YOUR ASSIGNMENT: Taking the line with "This fascinating scene" as the first and the line with "有一个 $n \times" as the last, set down the lines below exactly, pictures excluded.

SUPPLIED INFORMATION:
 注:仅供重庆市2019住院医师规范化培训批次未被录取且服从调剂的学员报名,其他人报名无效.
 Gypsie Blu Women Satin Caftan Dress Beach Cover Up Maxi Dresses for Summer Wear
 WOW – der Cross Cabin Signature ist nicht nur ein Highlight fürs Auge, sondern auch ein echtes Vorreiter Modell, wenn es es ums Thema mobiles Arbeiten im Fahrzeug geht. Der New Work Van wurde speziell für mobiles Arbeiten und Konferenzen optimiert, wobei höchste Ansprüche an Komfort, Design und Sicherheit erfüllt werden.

---

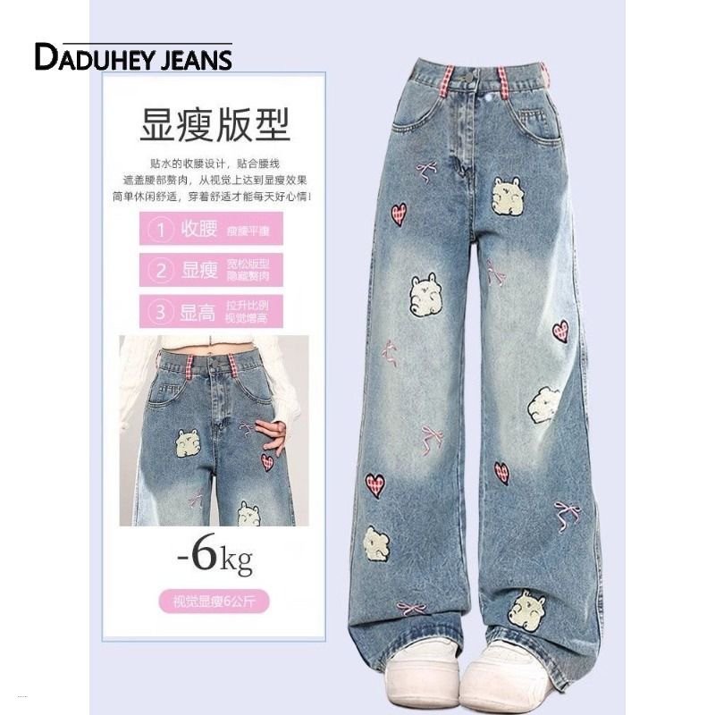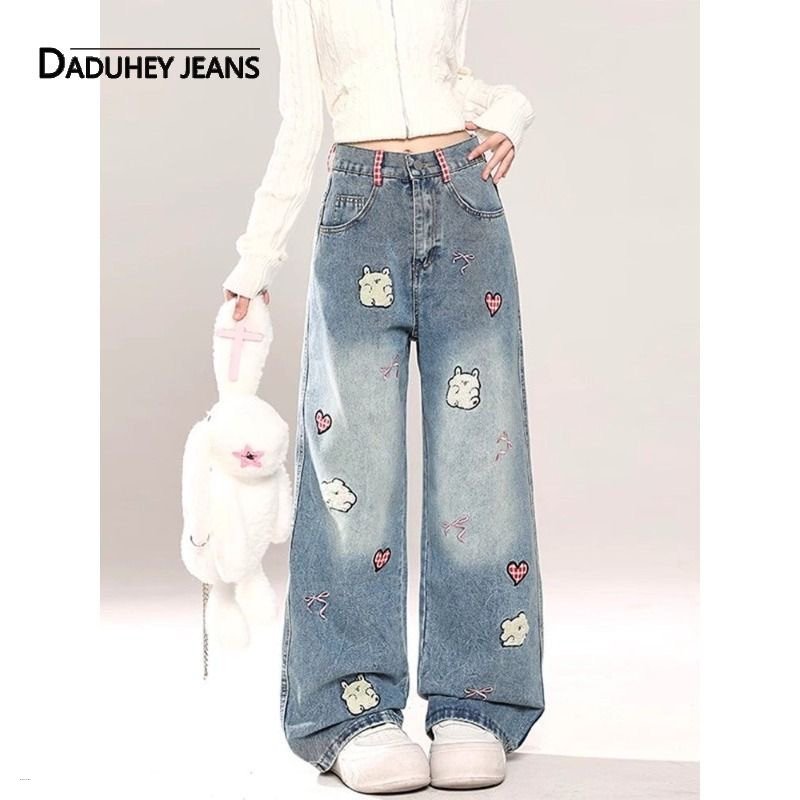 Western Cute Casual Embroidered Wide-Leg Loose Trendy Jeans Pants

---

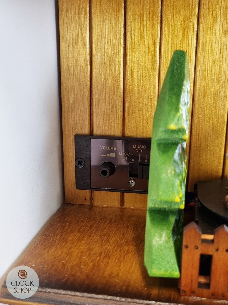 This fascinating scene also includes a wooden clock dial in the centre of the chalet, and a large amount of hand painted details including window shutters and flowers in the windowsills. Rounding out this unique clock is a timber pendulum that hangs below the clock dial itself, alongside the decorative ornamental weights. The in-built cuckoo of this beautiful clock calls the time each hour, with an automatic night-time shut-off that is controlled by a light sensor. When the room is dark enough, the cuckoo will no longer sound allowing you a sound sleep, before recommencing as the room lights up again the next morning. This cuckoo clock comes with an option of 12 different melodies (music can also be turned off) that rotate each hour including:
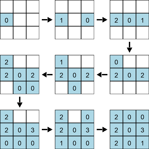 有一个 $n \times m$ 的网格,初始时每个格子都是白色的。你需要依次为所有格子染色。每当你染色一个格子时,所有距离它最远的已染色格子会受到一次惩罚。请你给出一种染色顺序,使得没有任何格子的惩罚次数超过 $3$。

SOLVED PROBLEM:
 This fascinating scene also includes a wooden clock dial in the centre of the chalet, and a large amount of hand painted details including window shutters and flowers in the windowsills. Rounding out this unique clock is a timber pendulum that hangs below the clock dial itself, alongside the decorative ornamental weights. The in-built cuckoo of this beautiful clock calls the time each hour, with an automatic night-time shut-off that is controlled by a light sensor. When the room is dark enough, the cuckoo will no longer sound allowing you a sound sleep, before recommencing as the room lights up again the next morning. This cuckoo clock comes with an option of 12 different melodies (music can also be turned off) that rotate each hour including:
 有一个 $n \times m$ 的网格,初始时每个格子都是白色的。你需要依次为所有格子染色。每当你染色一个格子时,所有距离它最远的已染色格子会受到一次惩罚。请你给出一种染色顺序,使得没有任何格子的惩罚次数超过 $3$。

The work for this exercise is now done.